One of the uses that we are most interested in MinHash sketches for is the indexing and search of large public, semi-public, and private databases. There are many specific use cases for this, but the basic goal is to be able to find data sets by content queries, using sequence as the "bait". Think "find me data sets that overlap with my metagenome", or "what should I co-assemble with?" One particularly interesting feature of MinHash sketches for this purpose is that you can provide indices on closed or private data sets without revealing the actual data - while I'd prefer that most data be open to all, I figure "findable" is at least an advantage over the current situation.
As we start to plan the indexing of larger databases, a couple of other features of MinHash sketches also start to become important. One feature is that they are very small, and they are also very quick to search. For 60,000 microbial genomes the compressed data set of sourmash sketches is under a few GB, and that's with an overly verbose and unoptimized storage format. These 60,000 genomes can be searched in under a few seconds and in less than a GB of RAM; because of the wonder of n-ary trees, it is unlikely that search of much larger databases will be significantly slower. A third feature (well explored in the mash paper) is that MinHash sketches with large k are both very specific and very sensitive to single genomes, in that you usually recover the right match, and it is rare to recover irrelevant matches.
One consequence of the speed and small footprint of MinHash sketches is that we can easily provide the individual sketches as well as the aggregated Sequence Bloom Tree databases for download and use. Another consequence is that people can search and filter on these databases quite quickly and without a lot of hardware - pretty much everything can be done on laptop-scale hardware. Moreover the sketches (once calculated) don't really need to be updated - the sketch will change very little even if an assembly is updated. So while people might be interested in building custom MinHash databases for searching subsets of archives, it seems reasonable to maintain a single database of all the sketches that can be downloaded and searched by anyone.
This opinion informed my response to Michael Barton, who is interested in building custom databases for several reasons - my guess is that this will be a somewhat specialized (though perhaps reasonably frequent) use case, compared to simply downloading and using a pre-constructed database. More important to me is the interoperability of different tools, which basically boils down to choosing the same hash functions and (eventually) figuring out what k-mer size and number of MinHash values to store per data.
Something that I'm more focused on at the moment is another question that Michael asked, which is about metadata. Right now our individual signature files can contain multiple sketches per sample, with different k-mer sizes and molecule types (DNA/protein). These are kept in YAML. Because of this, the format is easily extensible to include a variety of metadata, but I have put very little thought into what metadata to store.
Thinking out loud,
there will be a few pieces of metadata that every sketch should have; for public data, for example, the URL and an unambiguous database specific identifier should be there.
each source database will have its own metadata records; if we index data sets from the Assembly database at NCBI, there will be different fields available than from the SRA database at NCBI, vs the MG-RAST metagenome collection, vs the IMG/M database.

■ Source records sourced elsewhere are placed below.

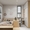 - Đặc biệt, giường ngủ được đặt sát vách với hệ đầu giường thông minh, tạo ra sự liên kết chặt chẽ và khoa học giữa khu vực nghỉ ngơi và làm việc.
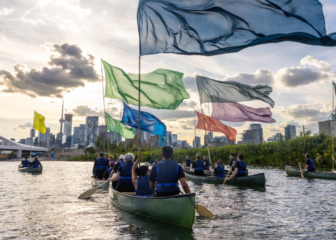 Yesterday the rain took a respite and we finally began our rehearsals for A Lake Story. It’s a celebration of Lake Ontario. On Saturday and Sunday we will have 120 identical canoes, two paddlers and a flag bearer in each.
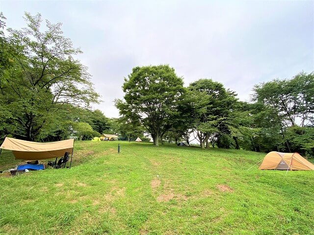 芥子坊主農園公園のテントサイトは西側斜面にありますが、数が少なく9区画しかありません。
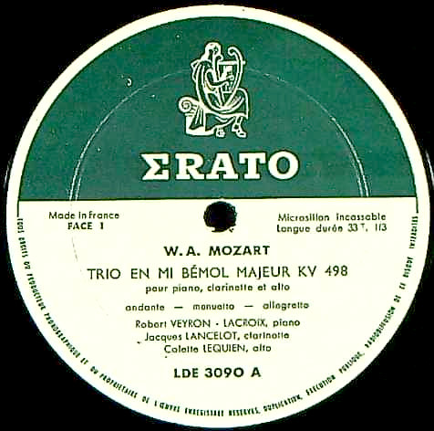 商品コード:1262-016b[ERATO] R.ヴェイロン・ラクロワ(pf) J.ランスロ(cl) R.ジャンドル(vn) C.ルキアン(va) R.ベー(vc) / Clトリオ集/モーツァルト:K.498, ベートーヴェン:4番Op.11, アレグレット WoO.39
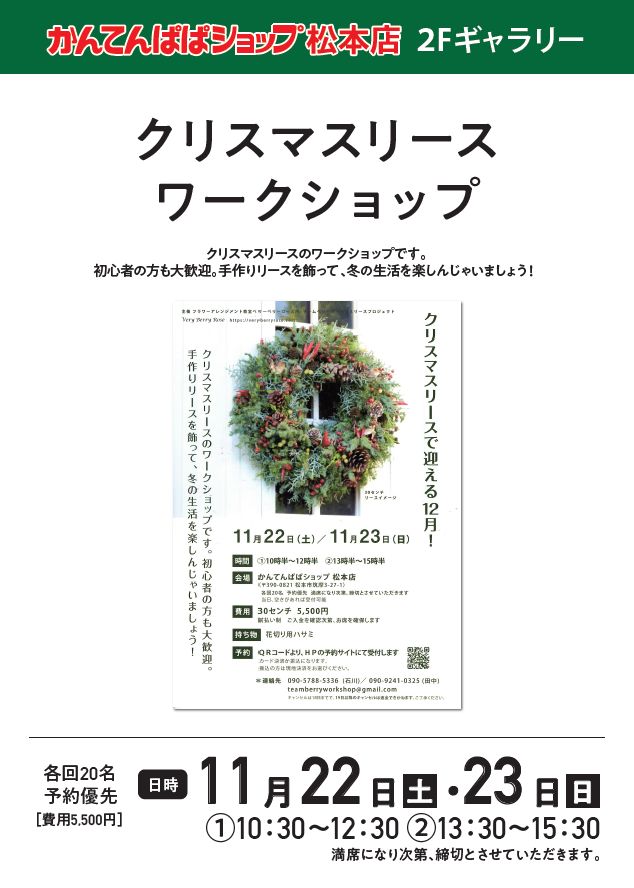各回20名 予約優先 満席になり次第締切とさせていただきます
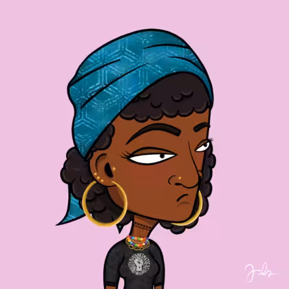 Collection Depressed Citizens Artist Juls Description ART. No team, no project, no future. Depressed Citizens is an urban & existential Art expression on Ordinals. In a parallel universe, "THEI" control us. DC unites against toxic society, encouraging critical thinking. 100% hand made collection that took Juls more than 6 months of daily work. Name Citizen#2475 Origin African descendant Gender Woman Necklace Colorful layered necklace Hat Printed head scarf Mustache Beard No beard Glasses No Glasses Earrings Tragus star earring Hair Style Curly Clothes BLM women shirt Tattoo No Tattoo Star Background Without stars

I'm not aware of any metadata standards here (but I wouldn't know, either).
This means that trying to come up with a single standard is an idea that is doomed to fail.
we should try to include enough information that there is something human readable and useful, if possible;
I'm not sure how much information we need to include beyond database identity and database record ID; it seems like dipping our toes into (e.g.) taxonomy and phylogeny would be a dangerous game, and that information could be pulled out of the databases for whatever specific use case.
I'm comfortable with the idea of a developing out the details over time as we add new data sets, and perhaps updating old records with more complete metadata as we develop new use cases and more robust handling code.
For example, looking at Shewanella oneidensis MR-1, the assembly record has the following info:
ASM14616v2 Organism name: Shewanella oneidensis MR-1 (g-proteobacteria) Infraspecific name: Strain: MR-1 BioSample: SAMN02604014 Submitter: TIGR Date: 2012/11/02 Assembly level: Complete Genome Genome representation: full RefSeq category: reference genome Relation to type material: assembly from type material GenBank assembly accession: GCA_000146165.2 (latest) RefSeq assembly accession: GCF_000146165.2 (latest) RefSeq assembly and GenBank assembly identical: yes
Clearly we want to store 'organism name' and probably the strain, and the accession information; and we probably want to include assembly level and genome representation. I'd probably also add the URL to download the .fna.gz file. But I don't think we want statistics (included at the bottom of the page), or any of the other information on the Genome page, because we'd end up having to update that regularly for many samples.
Looking at the SRA record for a metagenome from Hu et al., 2016, I'd probably want to include:
- the fact that it is metagenomic FASTQ;
- the description at the top "Illumina MiSeq paired end sequencing; metagenome SB1 from not soured petroleum reservoir, Schrader bluffer formation, Alaska North Slope"
- whatever error trimming/correction commands I used before minhashing it;
- a link to the ENA FASTQ files for download;
and that's about it.
Other records would presumably vary in similar ways, ranging from really minimal information ("this kind of sample, this kind of sequencing, have fun") to much more fleshed out metadata.
Your thoughts on how to go about this?